Acabábamos de recibir nuestra droga y todos estábamos entusiasmados. Buena parte de nuestra existencia de medicinas había llegado al momento crítico y era motivo para alegrarse —y mucho— al ver los frascos llenos otra vez. Estábamos acomodando latas y frascos en el dispensario.
—Yoh, qué bueno es tener existencia de drogas para seis meses —dijo Sansón.
—Ten cuidado, que te conozco —le dije—. Cuando tenemos mucho, todo está bien. La das por aquí, la das por allá y cuando los frascos ya están por la mitad, entonces...
Sansón asintió.
—Pero, Bwana, cuando tenemos existencia de drogas para un año, ¿por qué resulta que no dura un año? Generalmente, casi se han acabado a los ocho meses y entonces tenemos que racionarlas.
Daudi sonrió. Lo de racionar no era cosa nueva en Tanganica. Levantó el frasco de las aspirinas.
— ¡Este vale diez chelines! ¡Mil dolores de cabeza por diez chelines! ¡Yoh! Mucha de mi gente estará agradecida a la persona que mandó el dinero.
Estaba a punto de hablar para apoyar lo que acababa de decir cuando se abrió totalmente la puerta y Mbuli entró como una bala.
— ¡Yoh, Bwana! ¡Rápido, tu escopeta!
Estaba demasiado agitado como para hacerse entender y enseguida me imaginé leones, perros salvajes, serpientes venenosas y leopardos, todos en una trampa.
— ¡Yoh! ¡Rápido!, ¡Bwana! —decía el muchachito—. Hay seis antílopes pastando en el maizal que está junto a tu huerta. Puedes arrastrarte detrás de unas rocas y estarás tan cerca que no podrás errar.
Sansón y Daudi sonrieron. Corrí a casa para tomar mi vieja escopeta y una caja de cartuchos. Era la única arma de fuego que teníamos. Distaba mucho de ser eficiente. En una ocasión memorable, había visto una bandada de aves de vivos colores —por lo menos un centenar— y conociendo las posibilidades de aquel calibre 22, había apuntado al extremo más a la izquierda de las aves y había matado a una bien a la derecha de la bandada.
Daudi tenía un cuchillo de caza y Sansón un gran garrote.
— ¡Kah! Quizá tu pequeña bala asuste tanto a los animales que se queden quietos el tiempo suficiente como para que los mate con mi cuchillo —dijo Daudi.
—Yoh, déjenme alguno bueno para que le dé con mi garrote y yo también traiga carne para el hospital —agregó Sansón.

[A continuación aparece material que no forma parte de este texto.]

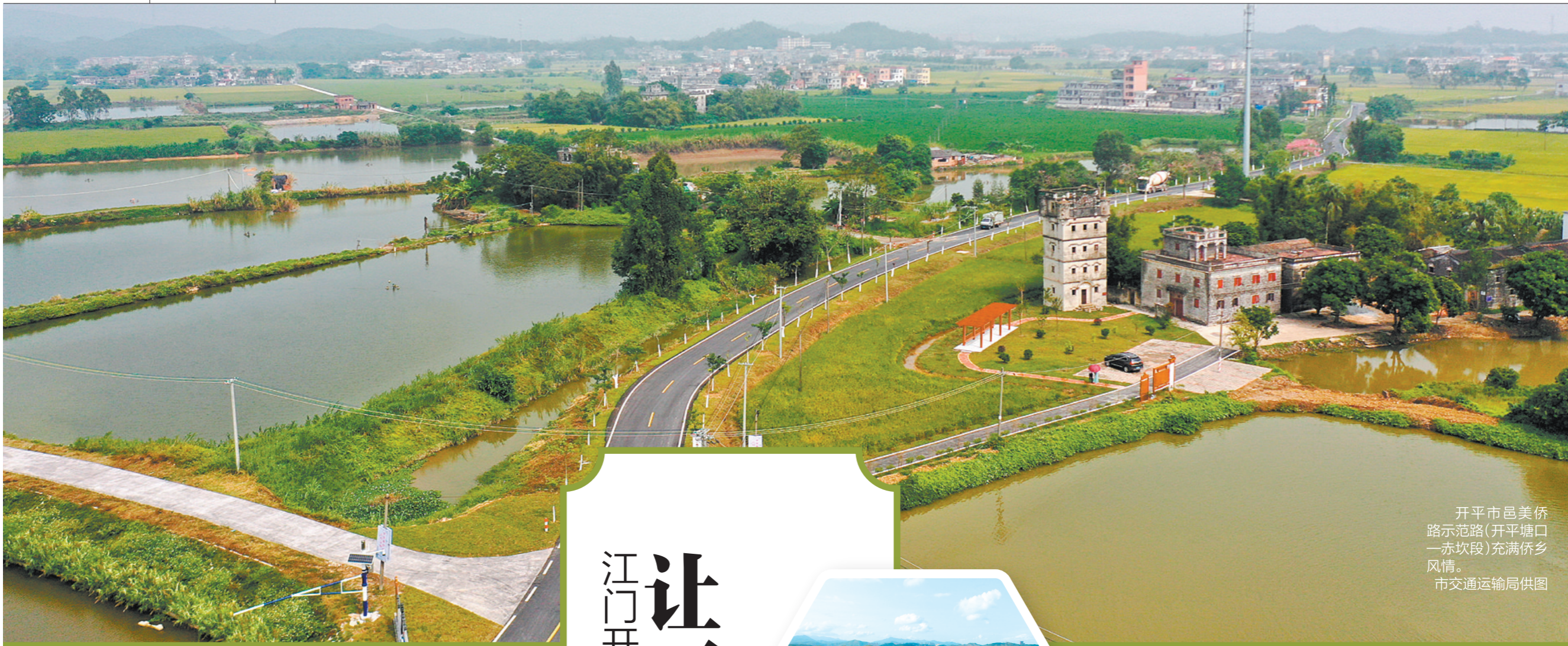
开平市邑美侨路示范路(开平塘口一赤坎段)充满侨乡风情。

Mbuli saltaba impaciente de aquí para allá. Quería hacer todo por partida doble, pero no podía. Sonriendo a los dos enfermeros por sobre su cabeza, dije:
— ¿Por qué no echan a los antílopes? Les están devorando la comida.

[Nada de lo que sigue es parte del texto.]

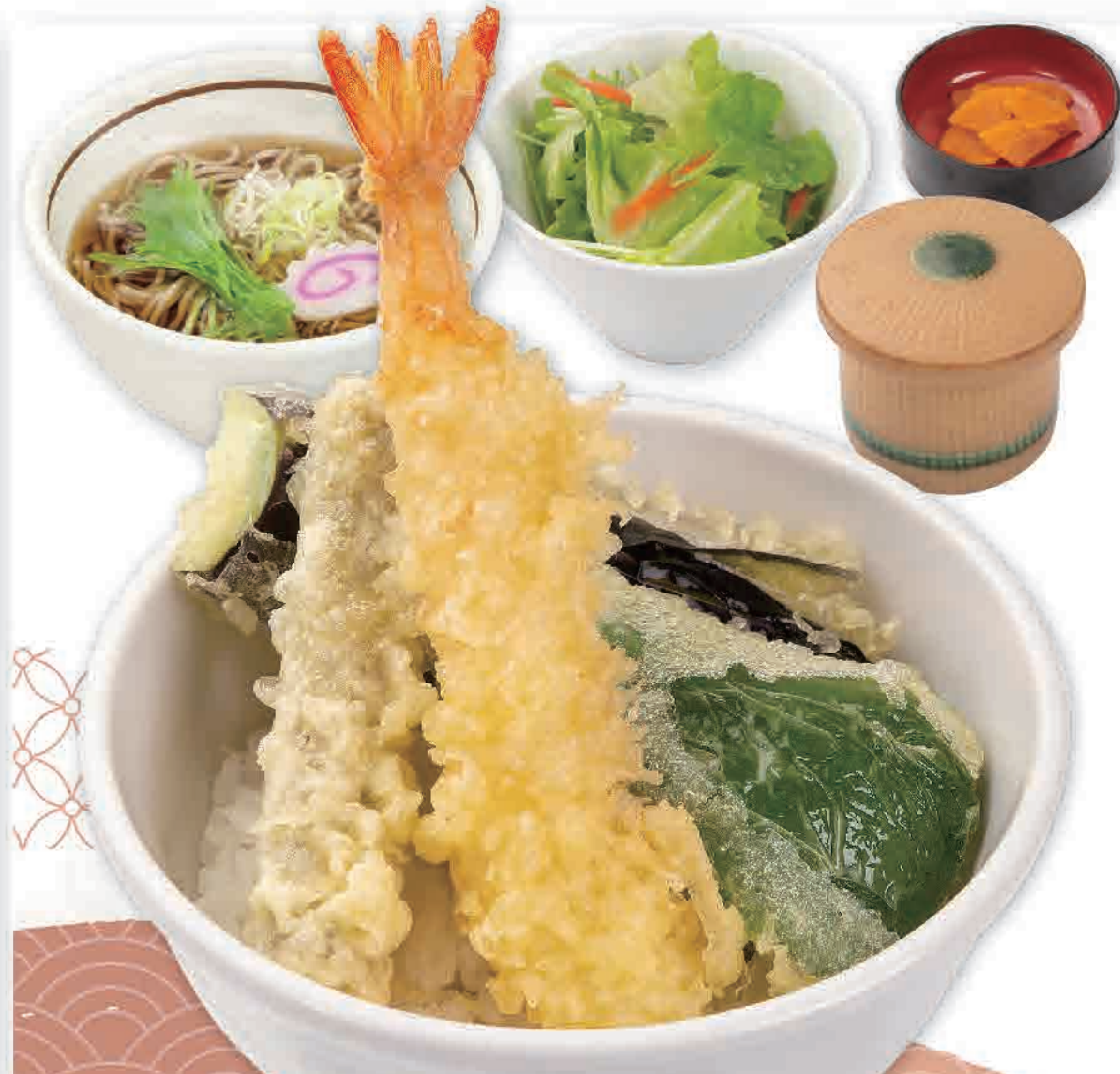
ミニ天丼 ミニそばセット 828円 (税込910円)

Mbuli retorció la nariz despreciativamente.
— ¿Echarlos, Bwana? Son carne buena. Hay más alimento en un antílope que en un balde de maíz. Vamos, Bwana, tírales pronto. Pueden irse.
Yo estaba limpiando el caño de mi pobre escopeta.
—Vamos, Bwana —Mbuli saltaba de pura ansiedad—. Queremos una fiesta de carne y mucha salsa y trozos de asado.
Estaba corriendo al revés, tratando de alentarme para que me apurara. La raíz de un baobab que brotaba de repente le hizo tropezar. Sus pies apuntaron al cielo y lanzó un alarido de sorpresa.
—Tranquilo, ¡por favor quédate tranquilo! —le dijo Daudi—. ¿Quieres espantar tu festín?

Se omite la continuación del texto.